Statistical analysis
We estimated sex and age-standardized 3-year mortality rates from 2005 to 2015 by using the German average population of 2005 and computed the mortality rate for each intervention type by dividing the number of deaths (\({D}_{2005-15,x,a}\)) by the population under risk (Equ. 1). The Person-years under risk (\({PY}_{Risk}\)) from 2005 to 2015 defined the population of risk in the denominator.
\({Mortality}_{2005-15,x,a}=\frac{{D}_{2005-15,x,a}}{{PY}_{Risk2005-15,x,a}}*100\) (Equ. 1)
To compare 3-year survival after coronary intervention, we applied Kaplan-Meier estimators. We also computed Cox proportional-hazard models, which aimed to examine disparities in the 3-year mortality among CAD patients with adjustment for demographic characteristics, cardiovascular and non-cardiac diseases and the years passed since intervention. In sensitivity analysis, we calculated an additional model excluding CAD patients who never underwent coronary intervention in the observation period, as well as the observation time prior to intervention. All analyses were conducted with the use of Stata (version 16.1).

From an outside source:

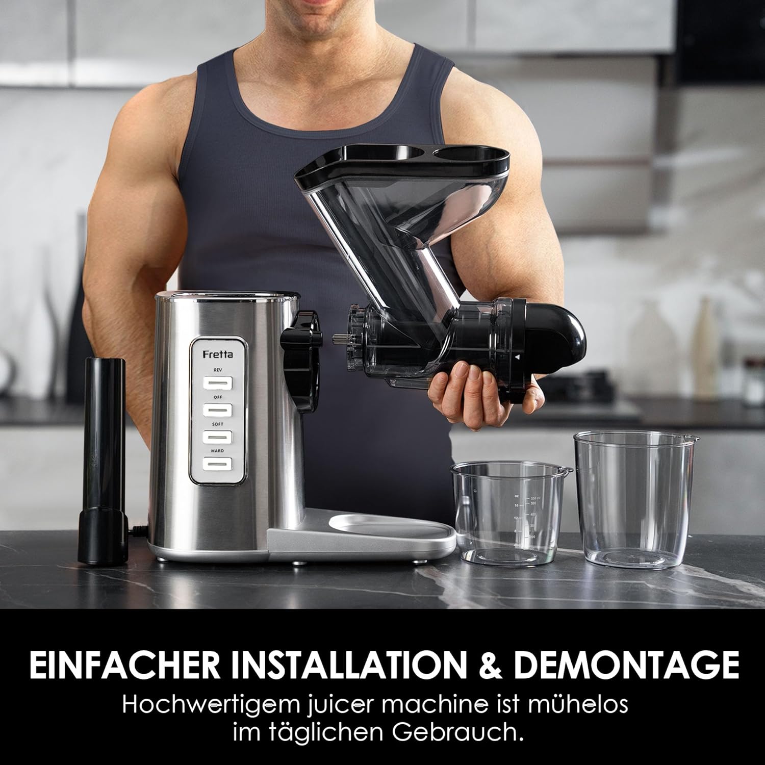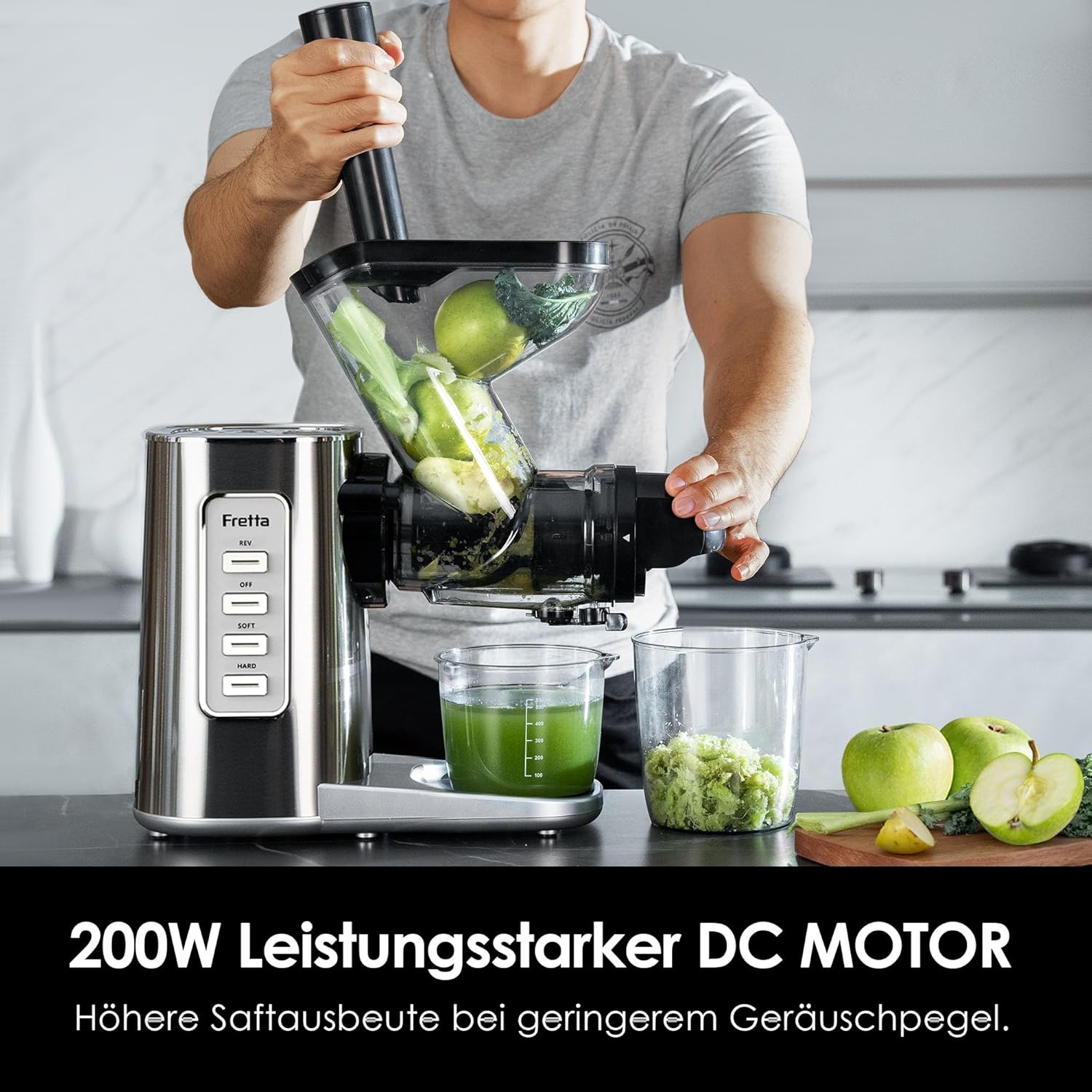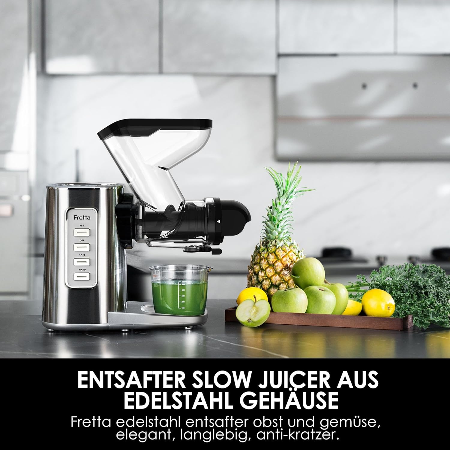 Fretta Entsafter Slow Juicer Testsieger, Edelstahl Entsafter Gemüse und Obst, 200W Cold Press Juicer Machine Saftpresse Elektrisch 76MM Große Öffnung, Hohe Saftausbeute, Einfache Reinigung, BPA Frei | قیمت یورویی 110.49€

We measured analysis time as the years since first valid CAD diagnosis as of Q1 2005 at the earliest (Figure S1, persons 1–5). Following the principles of Hernán et al. (2016) and Emilson et al. (2018), we emulated a target trial [10, 11]. We maximally tripled all eligible observations (measured in person-times) and assigned each copy to the corresponding coronary intervention group (none, BMS, DES, CABG or mixed). In case of a group change we defined a time zero of analysis time (Figure S1, persons 1 & 2). Coronary intervention simultaneous with the first valid CAD diagnosis (study entry) was also possible (Figure S1, persons 3 & 5). To face the immortal time bias, we censored CAD patients after a follow-up of 3 years spend in the category of BMS, DES or CABG (Figure S1, persons 2, 3 & 5). Person-times spend in the categories of none and mixed had no observational time limit (Figure S1, person 4).